Между прочим, старуха эта так и не объявилась – видать, на разок зашла. А другие соседи хорошие. Мирно жили. И девка эта хорошая оказалась – старика одного обихаживала: дальнего родственника. Обещал оставить ей чегото, так она обстирывала его. Честный старик оказался. Монеты ей оставил царской чеканки. Сохранил, когда золото сдавали. Это Петр потом уж узнал, когда за девкой этой ухлестывал. Вроде уж и сговорились, только девка эта туберкулезом заразилась – сгорела месяца в три. А перед смертью тайник ему свой показала: прямо в комнате, под полом. Схоронили – он в тайник и полез. А там – пусто. Видно, из соседей кто прознал – опередил. Дом-то старый. Перегородки еле-еле. Повертелся-повертелся, да делать нечего – ведь не докажешь... И прав у него никаких нету. И опасно разговоры подымать. А тут – война.
На фронт его не взяли – бронь от завода вышла. В общем, в квартире этой всех мужиков поубивало, а ему хоть бы что. «Так что, – говорит, – зазря опасался. Тоже думал – к худу. А вышло – к добру. Счастливая оказалась квартира. Предрассудки, – объяснял, – одни суеверия. Мало ли, кто прежде-то жил? Пожили и ладно...»
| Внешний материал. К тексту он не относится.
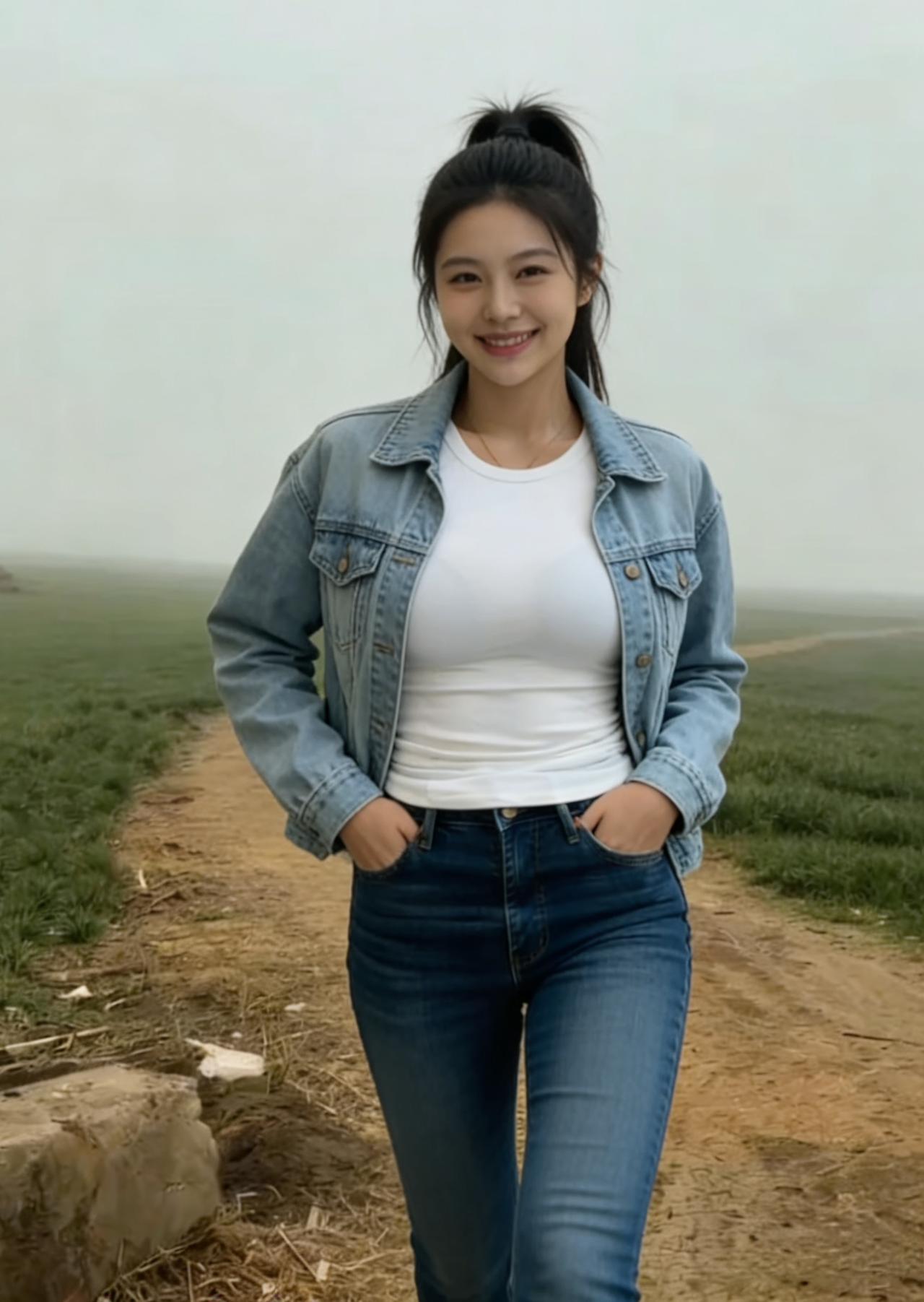 《梦回故乡》 草尖顶着雾霭生长 像她领口漏出的纯白 干净而又倔强 牛仔外套裹着少年气 也裹着土地里长出的温柔 ~ 她站在路的中央 像一株刚拔节的稻秧 把旷野的辽阔 揉进眼底的光芒 让风,成为美丽的偏旁

«А ты, – спрашиваю, – в Ленинграде с какого?» – «Так отслужил как, – отвечает. – С сорок девятого. Первое время надеялся, думал: уж вот-вот. А потом и надеяться бросил. Видно, поздно явился – после войны много комнат было, а потом эвакуированные потянулись – на старые места. Так и прокуковал. Пятнадцатый год скоро... Потом-то и строить начали, да снова очередь. Семейным дают, или как ты вон – с дитем. Ну, – говорит, – ничего. Теперь уж скоро подойдет. А может, в Москву надо было – там-то, небось, больше строят...»
«В Москве, – соглашаюсь, – хорошо. И врачи у них хорошие. Вон докторша рассказывала: один-то – немоту лечит».
«Как это? – удивляется. – Таблетками?» – «Этого, – говорю, – не знаю. Может, и таблетками... А может, заговоры знает. Раньше в деревнях лечили».
«Так ты, – советует, – возьми, да и съезди в деревню. Из старух многие остались: кто-нибудь да ведьмачит».
Какое! – думаю. Разве бабки отпустят... В церковь ходят. Особенно Гликерия. При них про этакое – ни-ни...
Попрощались, а сама думаю: про другое-то не рассказала. Забыла прямо. Заболтал он меня, видно, с этим своим Петром. А потом, думаю, да чего они ему сделают? Ну вызовут, в крайности попеняют... Разговоры-то – что? На воротах не виснут. Тем более мужик... Вот мне бы со старухами сговориться: как еще посмотрят?..
* * *
Улеглись все – к Гликерии пошла, постучалась.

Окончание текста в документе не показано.